We study the minimum Wasserstein distance estimator (MWDE) to learn the finite location-scale mixtures. We show that the MWDE is well defined and consistent. Simulation study shows it suffers some efficiency loss against a penalized version of MLE in general without noticeable gain in robustness. The MWDE is also computationally more expensive than the penalized MLE.
Under finite mixture models, the general split-and-conquer approach for the distributed learning cannot be directly used, since the parameter space is non-Euclidean. We develop a novel split-and-conquer approach. We show that the estimator is root-n-consistent under some general conditions. Experiments show that the proposed approach has comparable statistical performance to the global estimator based on the full dataset, if the latter is feasible. It can even outperform the global estimator if the model assumption does not match the real-world data. It also has better statistical and computational performance than existing methods.

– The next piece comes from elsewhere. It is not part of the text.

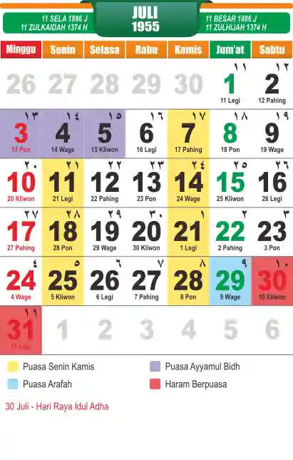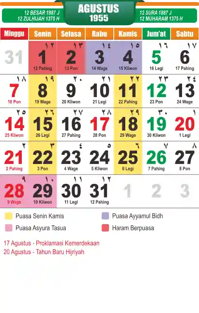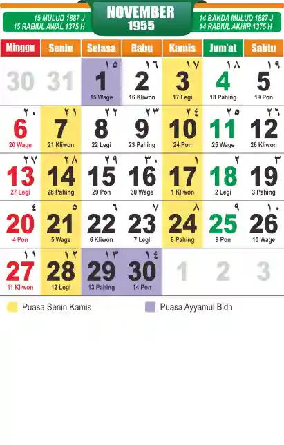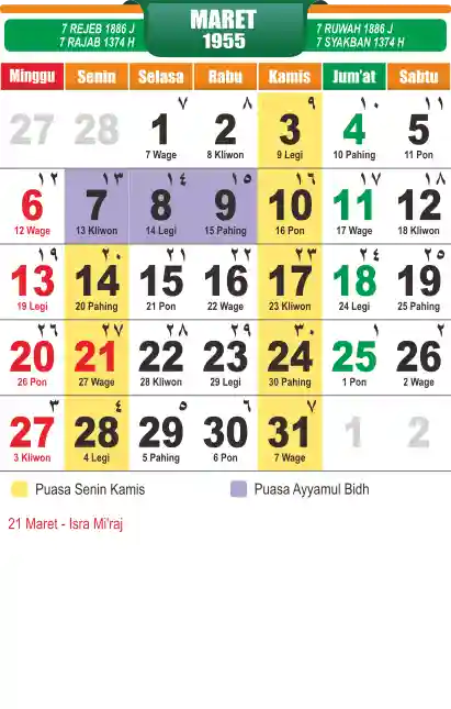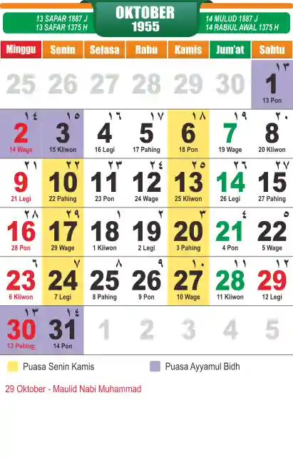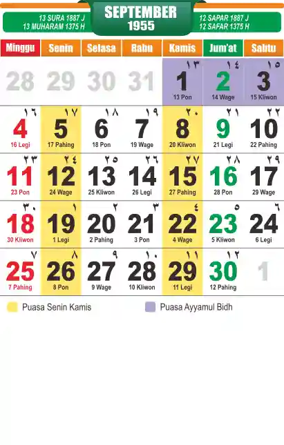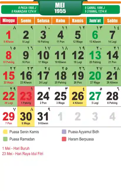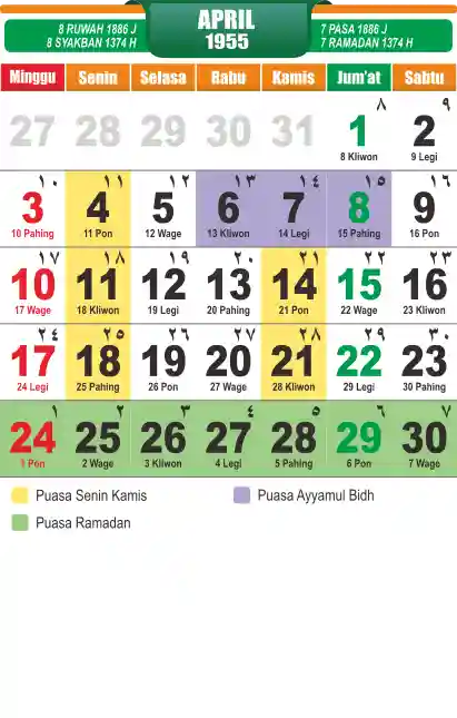 Template kalender puasa 1955, cocok sekali buat anda yang ingin cetak kalender yang bermanfat buat umat.

When mixtures are used in graphical models to approximate density functions, the order of the mixture increases exponentially due to recursive procedures and the inference becomes intractable. One way to make the inference tractable is to approximate the mixture by one with lower order. We propose to approximate by minimizing the composite transportation divergence (CTD) between two mixtures. The optimization problem can be solved by a majorization maximization algorithm. We show that many existing approaches are special cases of our approach. We further show that the performance of some existing algorithms can be further improved by choosing various cost functions in the CTD.